**PROBLEM STATEMENT**:
Beginning with the line containing "Über die Task" and ending with the line containing "Outstanding physical properties", write out each line of the records below exactly; pictures and lines outside that range are left out.

**RECORDS PROVIDED**:
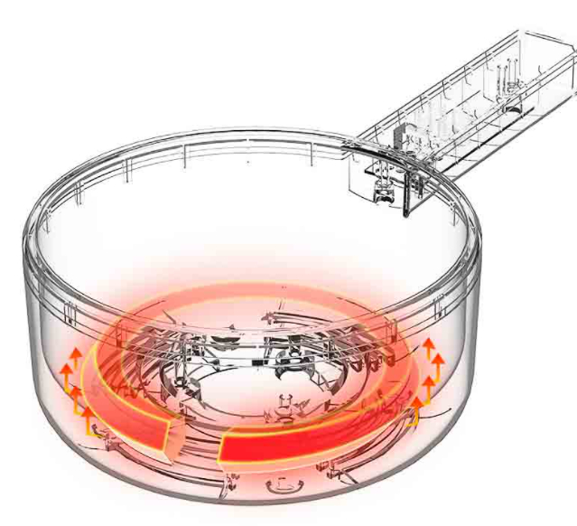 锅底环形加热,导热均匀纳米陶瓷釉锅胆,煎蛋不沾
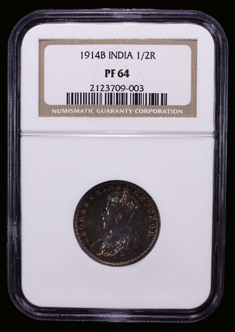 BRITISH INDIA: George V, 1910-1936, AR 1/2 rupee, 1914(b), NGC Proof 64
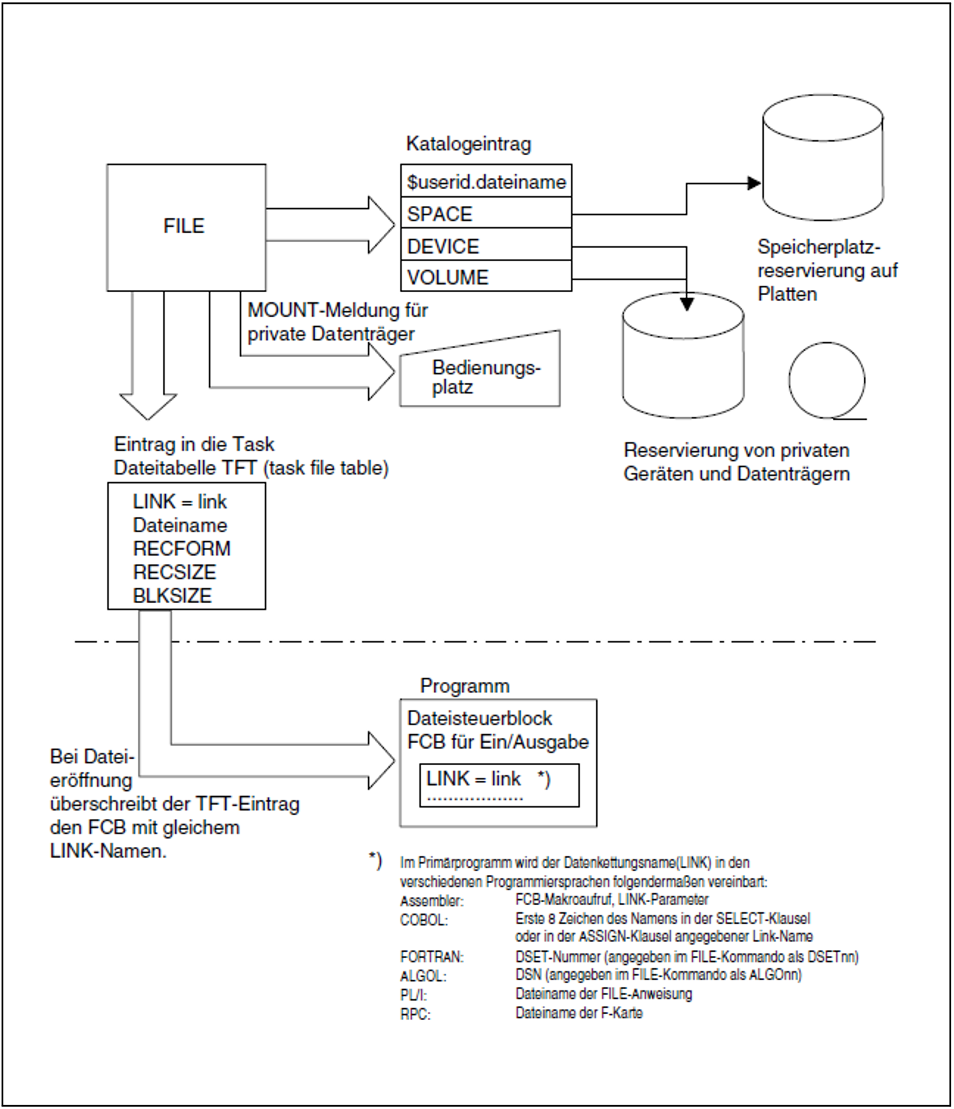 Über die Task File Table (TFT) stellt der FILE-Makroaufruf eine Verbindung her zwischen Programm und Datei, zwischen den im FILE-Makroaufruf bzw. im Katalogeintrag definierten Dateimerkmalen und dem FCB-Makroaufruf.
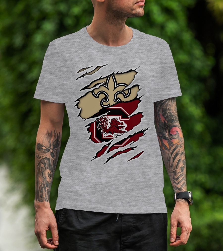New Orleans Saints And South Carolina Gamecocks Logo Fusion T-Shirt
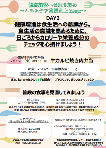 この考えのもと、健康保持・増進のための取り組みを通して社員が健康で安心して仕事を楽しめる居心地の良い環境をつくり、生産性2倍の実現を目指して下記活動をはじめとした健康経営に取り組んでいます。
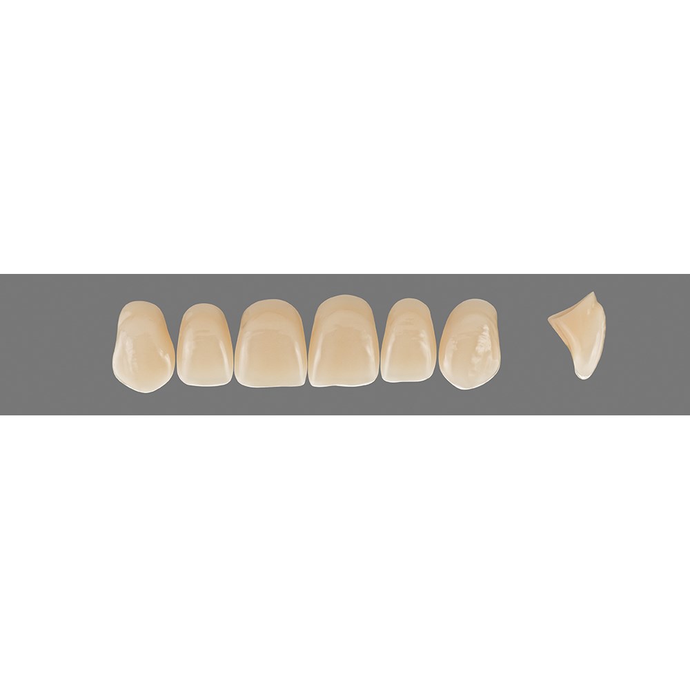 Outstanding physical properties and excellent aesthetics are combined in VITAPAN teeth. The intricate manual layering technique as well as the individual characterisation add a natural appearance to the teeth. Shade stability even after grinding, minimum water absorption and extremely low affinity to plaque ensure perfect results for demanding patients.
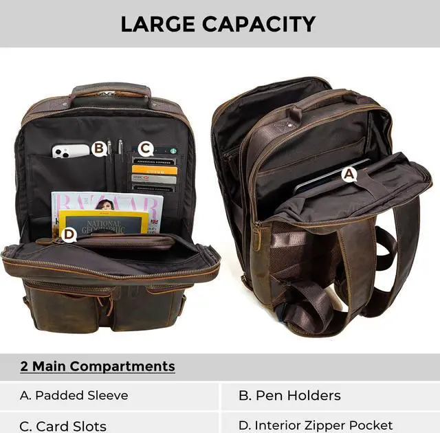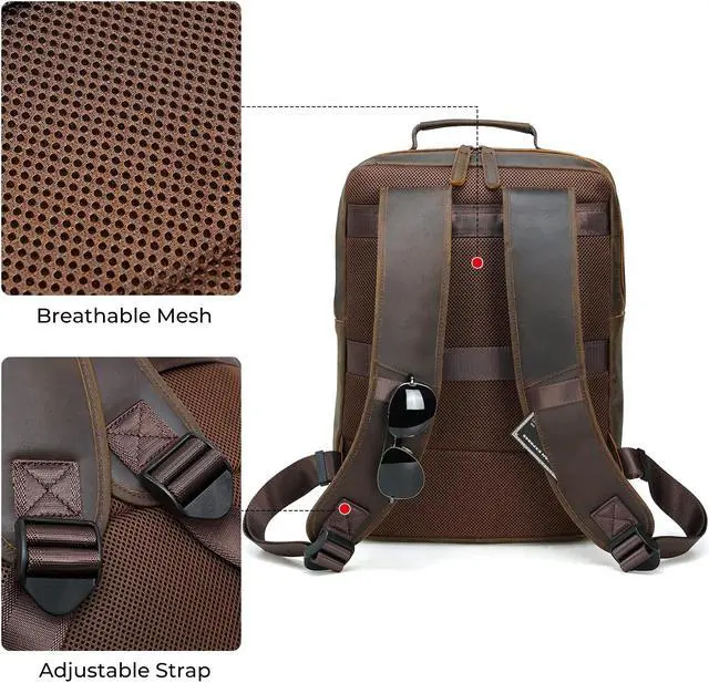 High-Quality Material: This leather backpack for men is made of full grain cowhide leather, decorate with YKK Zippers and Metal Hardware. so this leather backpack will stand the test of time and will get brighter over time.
* * *
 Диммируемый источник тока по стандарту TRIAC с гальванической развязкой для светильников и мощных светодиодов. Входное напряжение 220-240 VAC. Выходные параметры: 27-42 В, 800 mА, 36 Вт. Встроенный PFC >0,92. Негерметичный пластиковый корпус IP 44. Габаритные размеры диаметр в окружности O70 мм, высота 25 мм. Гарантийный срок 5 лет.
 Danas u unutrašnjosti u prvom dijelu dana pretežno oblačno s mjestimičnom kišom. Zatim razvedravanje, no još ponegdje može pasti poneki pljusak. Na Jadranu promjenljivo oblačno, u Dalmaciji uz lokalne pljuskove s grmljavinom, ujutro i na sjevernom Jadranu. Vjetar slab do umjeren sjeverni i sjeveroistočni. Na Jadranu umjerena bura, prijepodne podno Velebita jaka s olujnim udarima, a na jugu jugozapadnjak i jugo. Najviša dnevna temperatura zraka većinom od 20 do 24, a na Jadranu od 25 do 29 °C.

**RESULT**:
 Über die Task File Table (TFT) stellt der FILE-Makroaufruf eine Verbindung her zwischen Programm und Datei, zwischen den im FILE-Makroaufruf bzw. im Katalogeintrag definierten Dateimerkmalen und dem FCB-Makroaufruf.
New Orleans Saints And South Carolina Gamecocks Logo Fusion T-Shirt
 この考えのもと、健康保持・増進のための取り組みを通して社員が健康で安心して仕事を楽しめる居心地の良い環境をつくり、生産性2倍の実現を目指して下記活動をはじめとした健康経営に取り組んでいます。
 Outstanding physical properties and excellent aesthetics are combined in VITAPAN teeth. The intricate manual layering technique as well as the individual characterisation add a natural appearance to the teeth. Shade stability even after grinding, minimum water absorption and extremely low affinity to plaque ensure perfect results for demanding patients.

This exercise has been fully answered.